→ Material supplied:
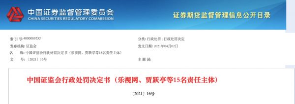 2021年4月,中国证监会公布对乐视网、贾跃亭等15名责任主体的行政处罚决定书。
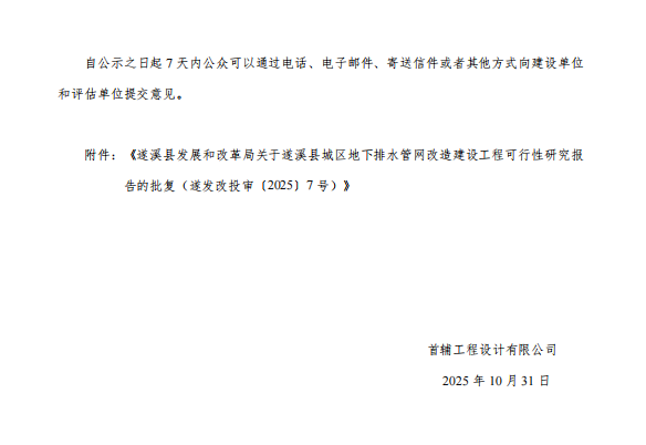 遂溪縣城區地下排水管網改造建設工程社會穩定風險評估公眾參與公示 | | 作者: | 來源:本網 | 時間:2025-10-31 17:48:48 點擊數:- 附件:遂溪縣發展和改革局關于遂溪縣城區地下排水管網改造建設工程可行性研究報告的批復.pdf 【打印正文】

--

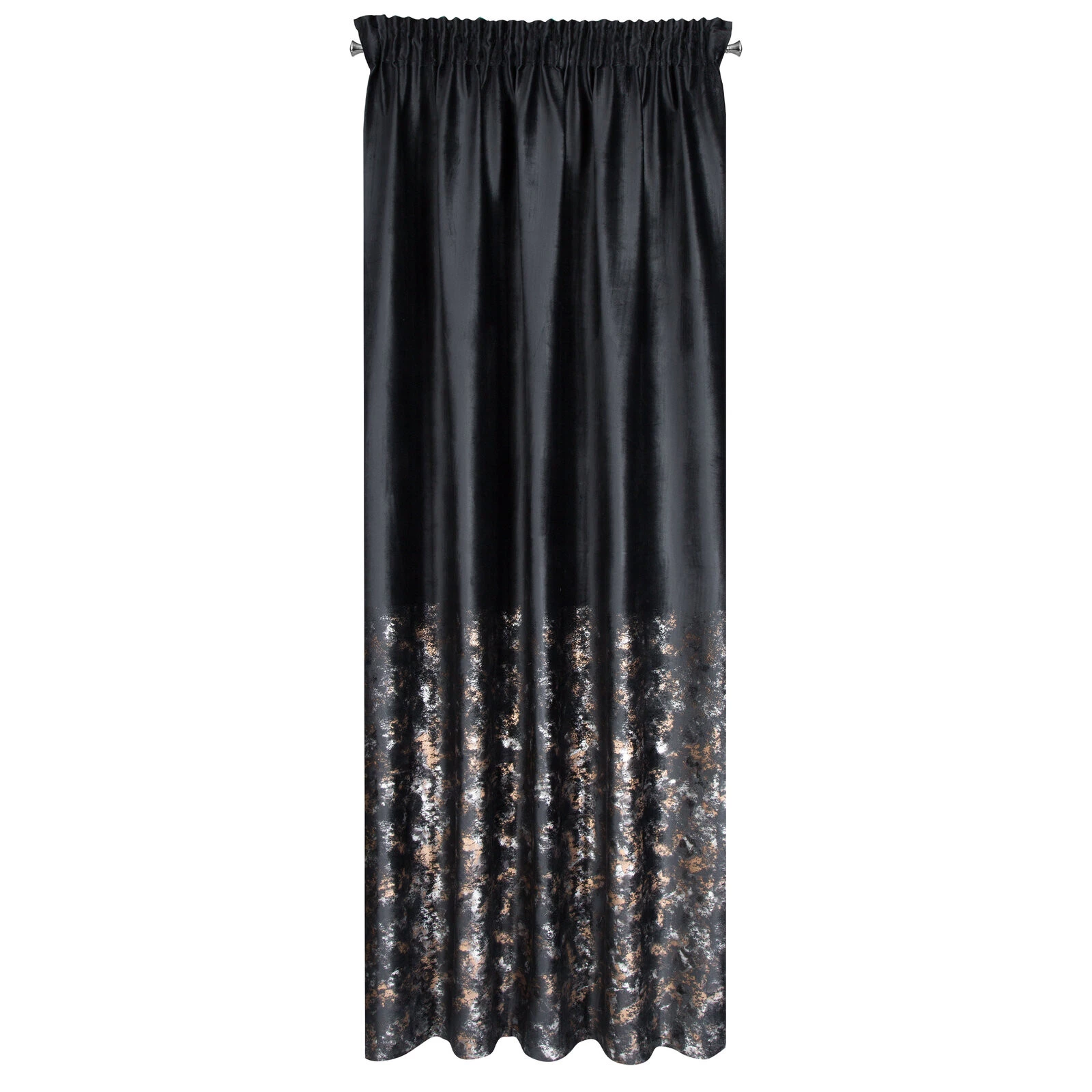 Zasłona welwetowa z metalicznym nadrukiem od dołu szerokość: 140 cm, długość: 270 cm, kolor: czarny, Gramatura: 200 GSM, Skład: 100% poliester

→ What the task asks:
In the records above, everything from the line with "2021年4月,中国证监会公" down to the line with "遂溪縣城區地下排水管網改造建設工程社會穩定風險評估公眾參與公示 | |" must be duplicated exactly, both lines kept. Leave no pictures in.

→ Written solution:
 2021年4月,中国证监会公布对乐视网、贾跃亭等15名责任主体的行政处罚决定书。
 遂溪縣城區地下排水管網改造建設工程社會穩定風險評估公眾參與公示 | | 作者: | 來源:本網 | 時間:2025-10-31 17:48:48 點擊數:- 附件:遂溪縣發展和改革局關于遂溪縣城區地下排水管網改造建設工程可行性研究報告的批復.pdf 【打印正文】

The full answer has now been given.